### Work task
Exact copy, no pictures: return all the records as they stand.

Record extracts START

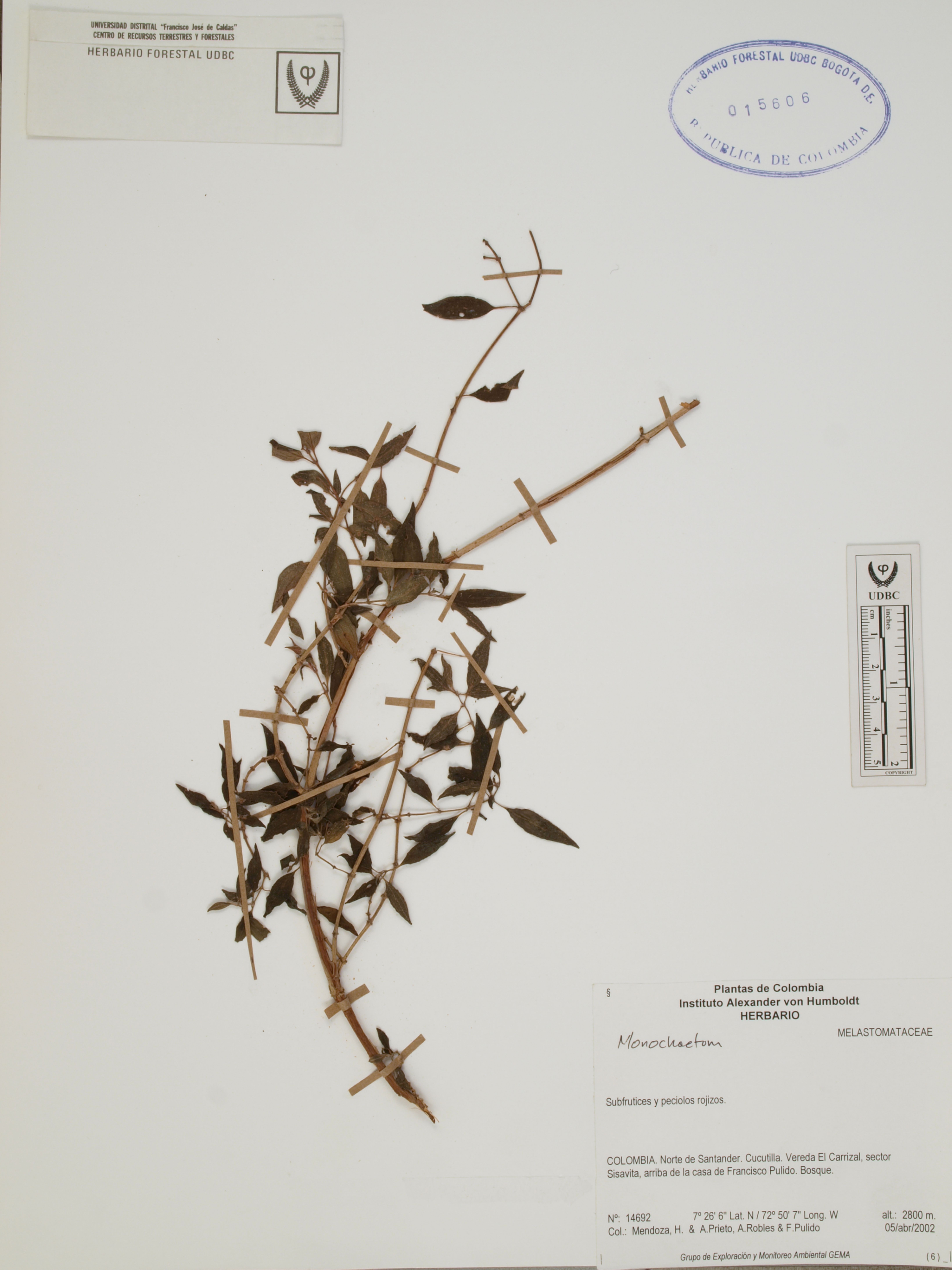 Fotografía del ejemplar Mendoza, H. 14692, determinado como Monochaetum sp. en el año 2007
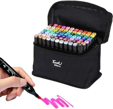 Presentamos marcadores creativos con 80 colores vibrantes, organizados en una práctica y exclusiva bolsa negra: ¡el kit perfecto para despertar al artista en cada miembro de tu hogar!
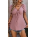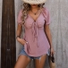 Fashion Drawstring V-neck Short Sleeve Shirt
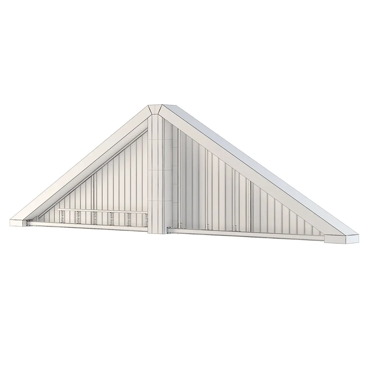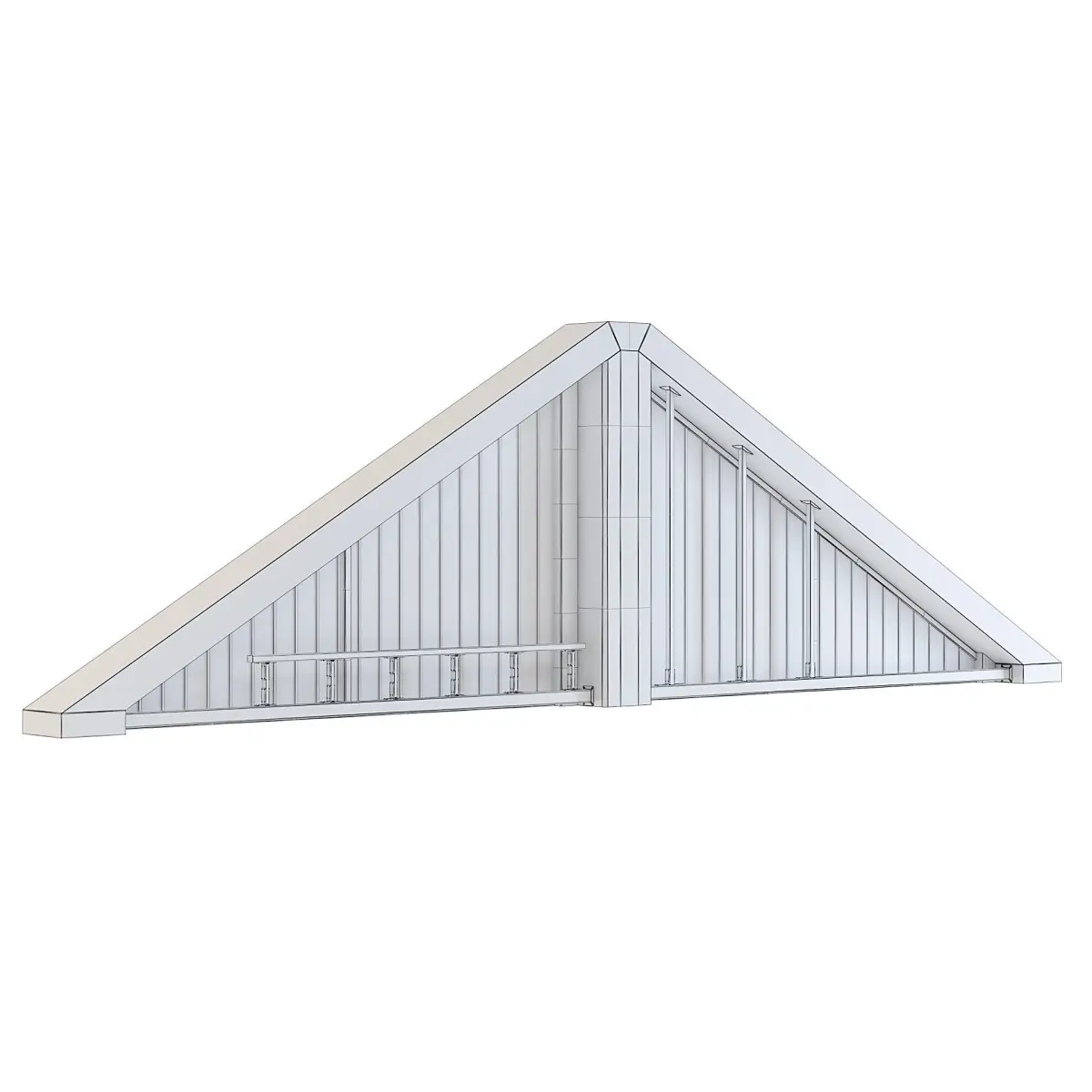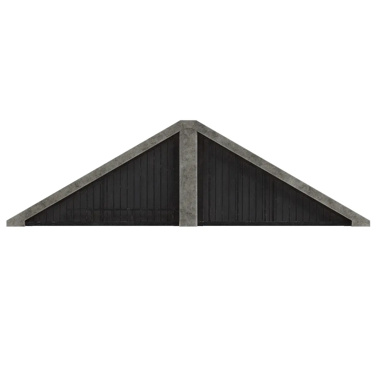 Concrete factory front wall upper triangle with metal panels.
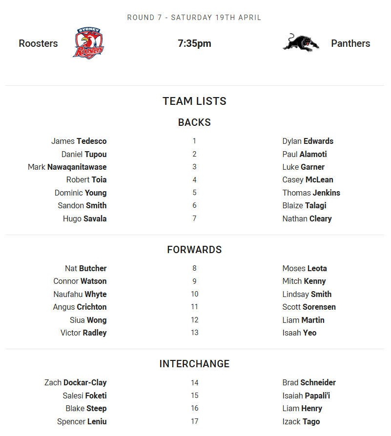 Roosters vs Panthers – Saturday 7:35PM (AEDT) at Allianz Stadium

Record extracts END

### Result
 Fotografía del ejemplar Mendoza, H. 14692, determinado como Monochaetum sp. en el año 2007
 Presentamos marcadores creativos con 80 colores vibrantes, organizados en una práctica y exclusiva bolsa negra: ¡el kit perfecto para despertar al artista en cada miembro de tu hogar!
 Fashion Drawstring V-neck Short Sleeve Shirt
 Concrete factory front wall upper triangle with metal panels.
 Roosters vs Panthers – Saturday 7:35PM (AEDT) at Allianz Stadium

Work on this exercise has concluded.